Showing posts with label writing. Show all posts
Showing posts with label writing. Show all posts

Friday, April 29, 2016

Still here.... but detaching

I stopped writing for a while. Just stopped. I'm trying to get back into it now, slowly.

The last time I posted here, way back in October, I was blogging about depression. I'm still fighting that, but keeping it quiet. I don't believe there is a magical cure. I'm just doing what I can on my own.

I talked to my mother yesterday, the inspiration for this blog, and she's just... well I'm doing my best to detach. She's okay, but she's medicated. The addiction is just consuming her. I wonder if she'll outlive us all or if her days are numbered. I really, really have to let go. I know my daughter misses her but even my daughter... she is starting to see that my mother is different.

The generation gap is alive and well of course. My husband and I have been having fun telling our 10-year old about things that didn't exist in our childhood. Yesterday an example was YouTube. My mom doesn't have a computer. I think she's HEARD of YouTube maybe, but she doesn't really know much about it. My daughter got on the phone and was telling her that she's been making videos which she hopes to post to YouTube. I tried to imagine my mother's thought process. She's probably wondering when we bought our daughter a video camera or something to start with, but really... she's lost and confused and she told me so. It's only going to get worse Mom. Sorry.

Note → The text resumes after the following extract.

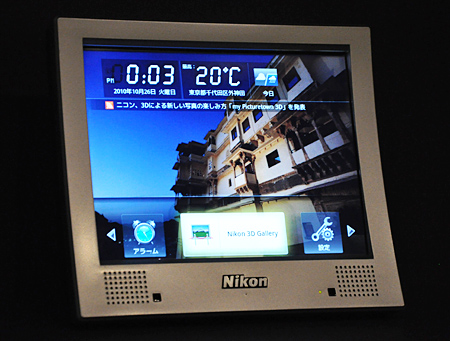 「NF-300i」は、裸眼で3D写真を見ることができるデジタルフォトフレーム。画面上に配置するレンズから、右目用と左目用の映像をそれぞれ出力することで立体視する「レンチキュラー方式」だ。解像度800×600の7.2型液晶を搭載。3D写真を見る最適な距離は約1m。3Dだけでなく2Dの写真も表示でき、ともに同じ解像度で表示する。

So my mother's world is shrinking in a way. She doesn't read books, she doesn't travel, she doesn't get many visitors. She watches tv, goes where the apartment van takes her, and spends her time in her senior citizen apartment building. She's not political, not active, and can't drive. She medicates, smokes, and drinks, and her days and nights go by.

I just need to let it go.

Tuesday, November 20, 2012

Happy Thanksgiving!

Sorry I haven't been on here much. Sometimes life just gets in the way of things. I've been working on a novel for National Novel Writing Month (NaNoWriMo), taking photographs of my beautiful neighborhood in Western Massachusetts, and just generally trying to keep up with my daily life in so many places. I actually write four blogs, and it's not uncommon for me to fall behind on one or more of them. Since my mother moved to Florida, and I am not often in "crisis mode" with my Al-Anon, it is easier to let this one slide. That's not to say I'm not practicing the gifts that Al-Anon has given me though.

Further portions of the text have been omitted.